Vogt-Koyanagi Harada Disease (VKHD) is a rare multisystem autoimmune inflammatory condition targeting melanocytes, causing dermatological, neurological, ophthalmological, and auditory manifestations. Severe bilateral granulomatous panuveitis is the primary clinical feature that characterizes VKH (inflammation throughout the uveal tract in the eye).

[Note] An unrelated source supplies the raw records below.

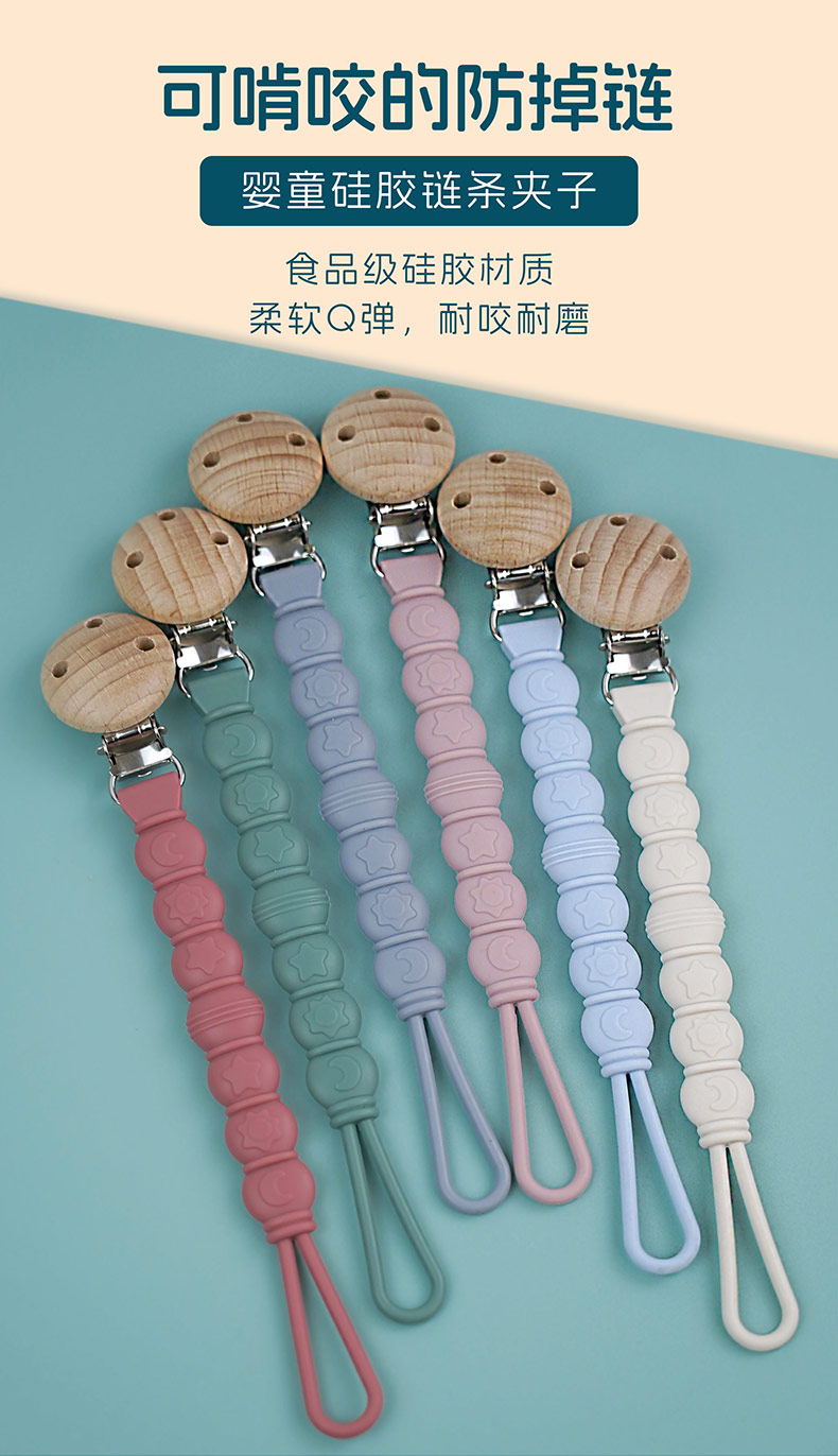 您的位置:首頁 > 產(chǎn)品中心 > 硅膠嬰童用品 > 跨境安撫寶寶牙膠 防掉鏈硅膠奶嘴鏈 嬰兒食品級(jí)可水煮防掉鏈牙膠
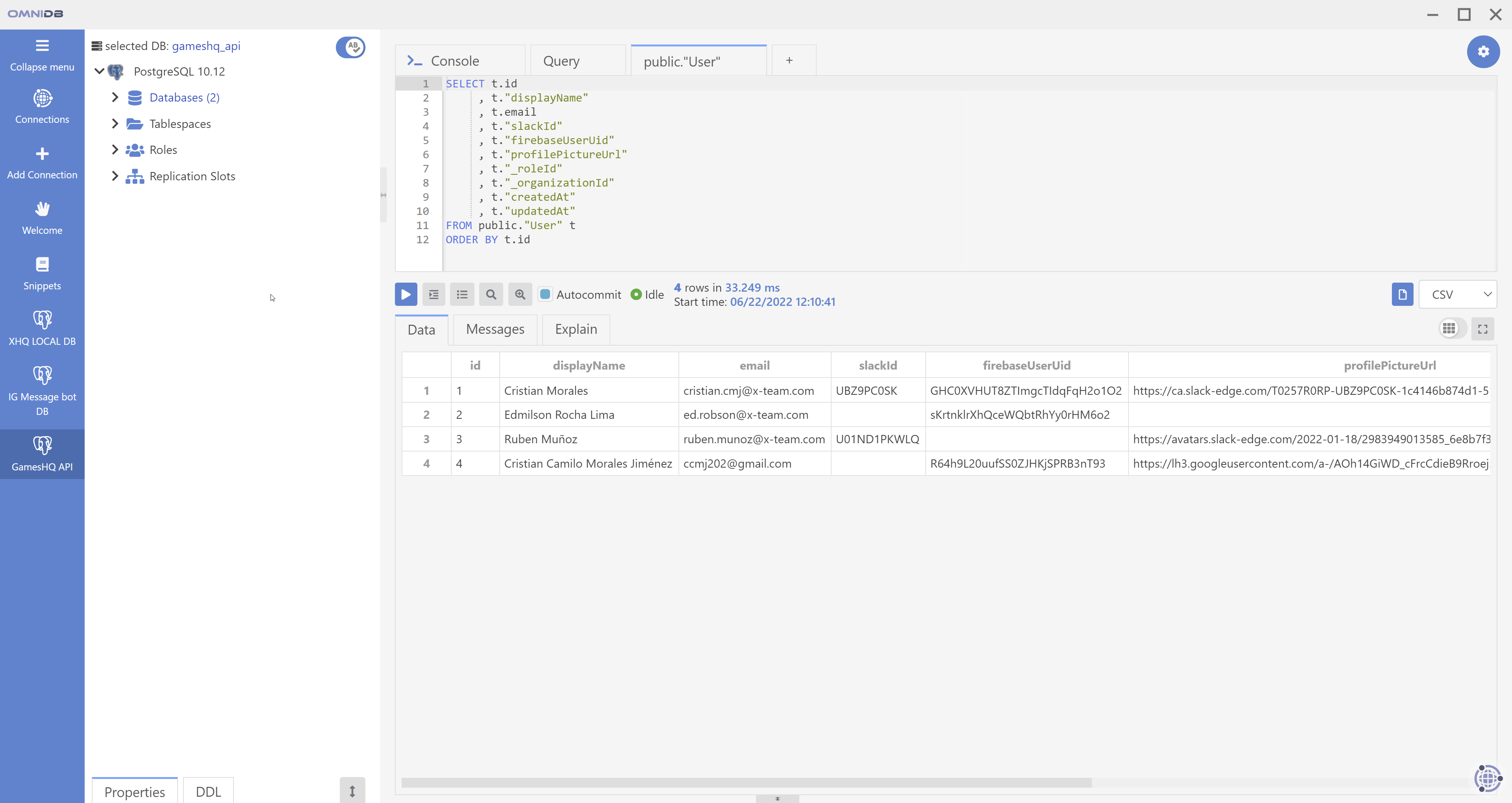 docker-compose up -dYou can now access the DB with your favorite client. If you don't use any, we recommend you OmniDB
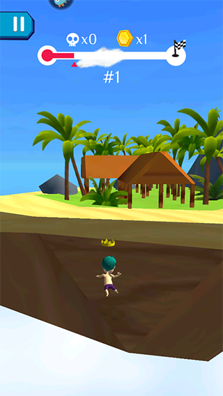 2、点击开始,人物就会开始滑行,通过左滑右滑屏幕控制人物的滑动方向
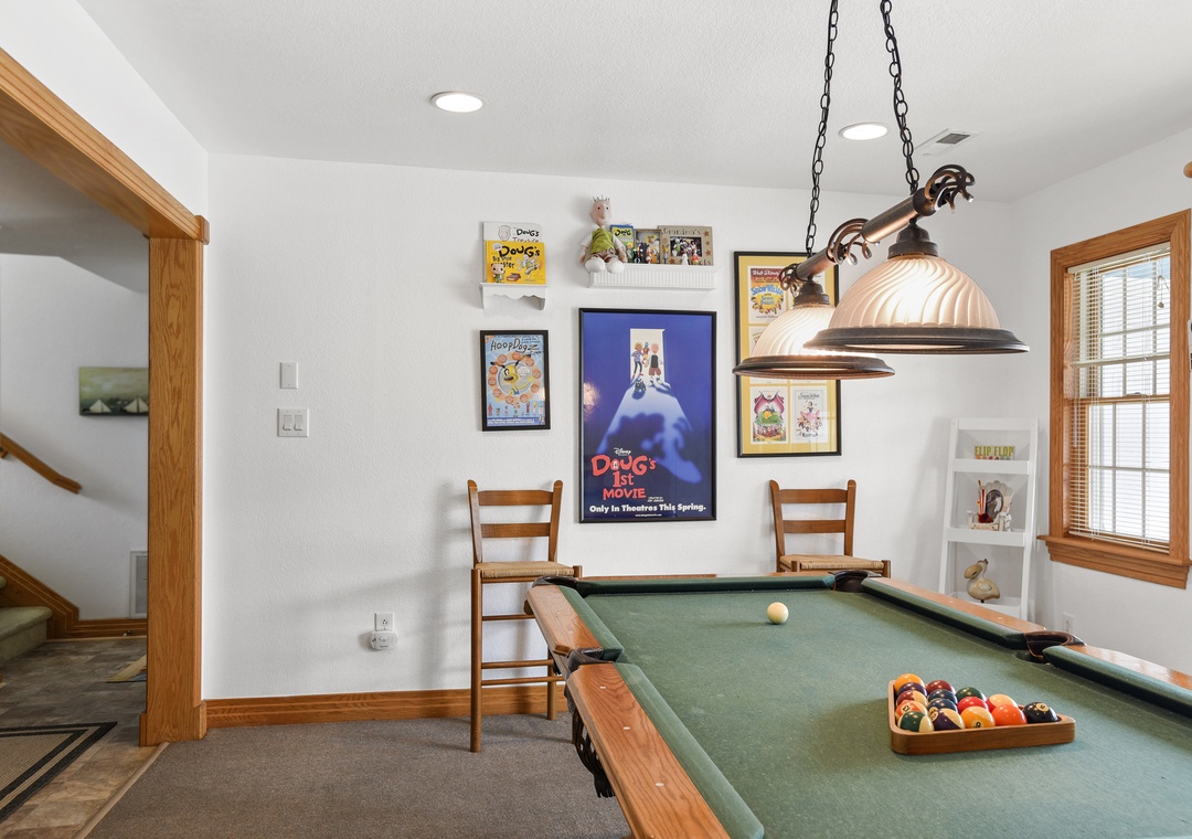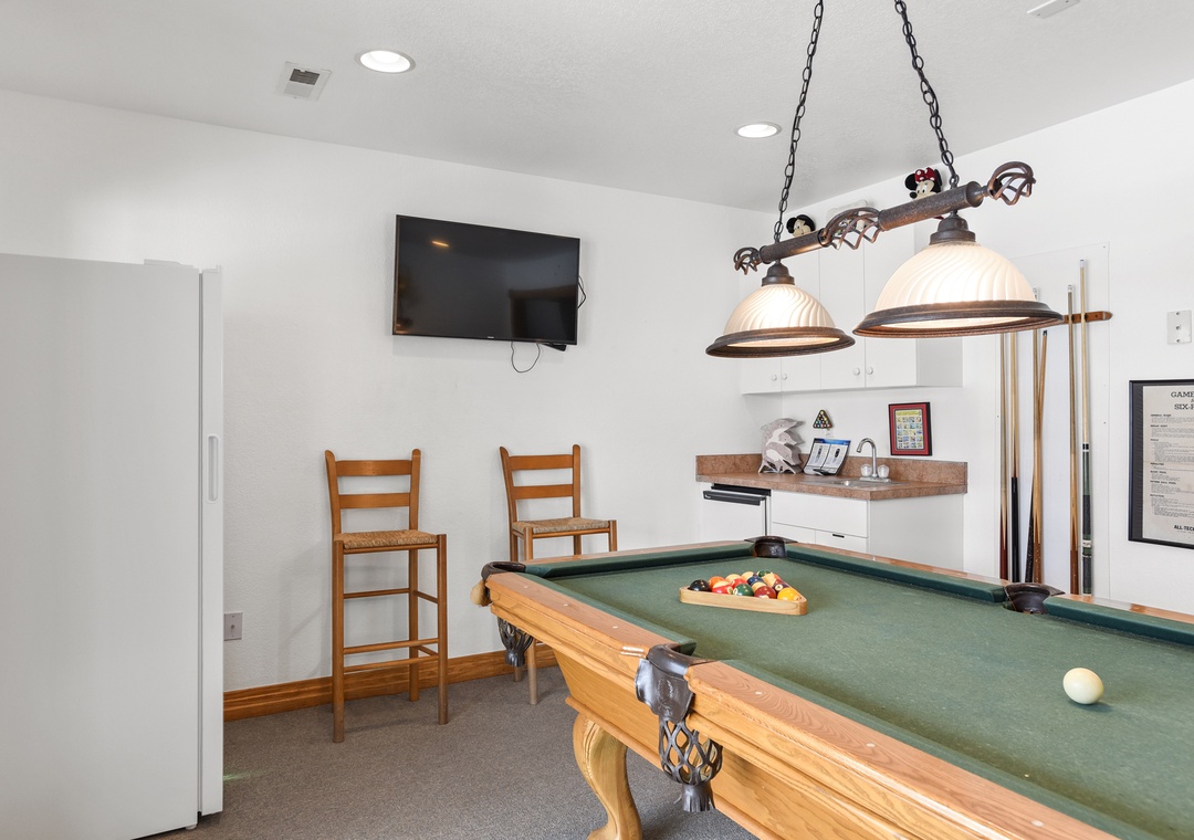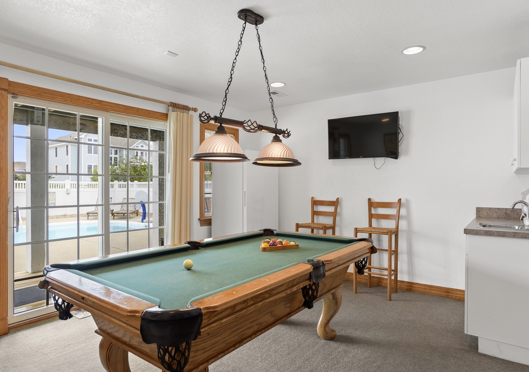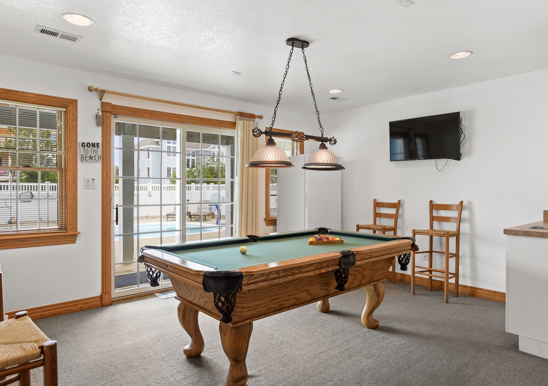Our recreational room has a pool table, an ice maker and a wet bar with a refrigerator under the counter. Exterior amenities include outdoor dining furniture, and outside shower and a grill.

Cutaneous features such as vitiligenous patches, alopecia, and whitening of the hair (poliosis) can be observed. Meningism (meningitis symptoms without inflammation), hearing loss, and tinnitus are examples of neurological characteristics. Prodromal and constitutional symptoms such as fatigue, malaise, low-grade fever, and headache may precede the classic picture. VKHD is reported in darker skin populations in addition to Asian and Mediterranean origins. VKHD has four stages: prodromal, acute, chronic convalescent, and chronic recurrent. There are three categories of VKH: complete, incomplete, and probable. VKHD is treated aggressively with a systemic corticosteroid to suppress the inflammatory response and prevent further ocular complications. We report a 43-year-old male patient referred by an ophthalmologist with a diagnosis of Uveitis who developed hypopigmented patches over the face and mid trunk, poliosis, and alopecia in addition to headache, neck stiffness, and auditory abnormalities.